Money
Some bullish despite tightening
Updated: 2011-01-31 15:17
By Li Xiang (China Daily)
Analysts argue A-share market will rise if inflation is controlled
BEIJING - While investors are concerned that rising inflation could lead to tightened market liquidity, some analysts are bullish about China's A-share market, saying that it is likely to rebound when speculators are convinced that inflation is well under the government's control.
"We believe that Chinese equities are likely to start outperforming when there is a genuine conviction that the government is getting ahead of the curve in fighting inflation," Viktor Shvets, a stock strategist at Samsung Securities, said in a recent report.
Shvets predicted that investors are likely to turn positive on Chinese equities in the second or third quarter of 2011 and the benchmark Shanghai Composite Index is likely to gain 18 percent to reach 3,400 points.
Researchers at Standard & Poor's had similar views toward Chinese stocks and said that the market is set to gain in 2011 because concerns over interest rate increases have been discounted and valuations are attractive.
"A fair bit of interest-rate-hike concern has been discounted in the valuation, and that's why there is room for upside," Lorraine Tan, director of equity research for Asia at S&P, was quoted by Bloomberg as saying.
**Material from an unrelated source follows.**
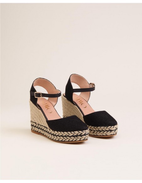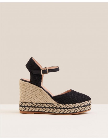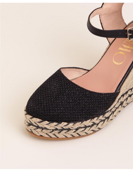 Valenciana en tejido rejilla metalizado de corte cerrado y talón abierto en piel con pulsera con hebilla lateral. Forro y plantillas acolchadas de piel con cuña de yute ecológico de 9,5 cm de altura y plataforma de 2,5 cm. Ideales para dar un toque sofisticado a tus looks.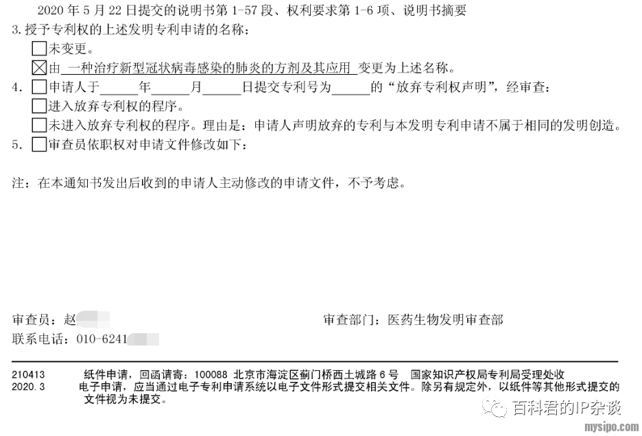 根据5月22日申请人提交的最新版本权利要求,药物方剂和治疗新冠肺炎的用途都获得了授权,具体内容如下:

Henry Wu, head of China equity research at Nomura Securities, said that even if inflation stays high the stock market can still rise because what matters more is the expectation of inflation.
"China's consumer price index is likely to stay in the 4 percent range in 2011 and as long as the situation does not get worse than expected, the market is unlikely to overreact," Wu said.
But some analysts said that significant policy headwinds facing China are likely to continue to retard the country's equities market, which may continue to deliver higher-than-normal volatility in 2011.
It is also expected that the central government may not set a clear target for new loan growth in 2011 as it did in 2010.
Although the average price-to-earnings ratio of the A-share market is as low as 20 times, Wang Qing, an economist at Morgan Stanley, said a re-rating in valuations is unlikely to happen at least in the next three to six months as the expectation of lower liquidity may continue to depress the market.
"About 70 percent of overseas institutional investors that I've talked with are bearish on the emerging markets including China at least for the next three to six months due to the concern over tightened liquidity," Wang said.
"They are taking a long position on the upstream industries such as the energy sector and are short on the downstream sectors such as the consumer sector," he said.
The Shanghai Composite Index fell 14 percent in 2010, making it the worst performer among benchmark indexes in the world's 10 biggest markets.
Wang said that the primary risk of the Chinese economy stems from policy uncertainties and potential policy missteps.
"The risk of a policy-induced boom-and-bust cycle would be on the rise if the Chinese authorities were to mainly rely on administrative controls instead of price-based policy instruments such as rate hikes and appreciation of the yuan to control inflation," he said.
Guotai Junan Securities is also bearish on the Chinese stock market, predicting the market would slump for a second year with inflation remaining the biggest risk.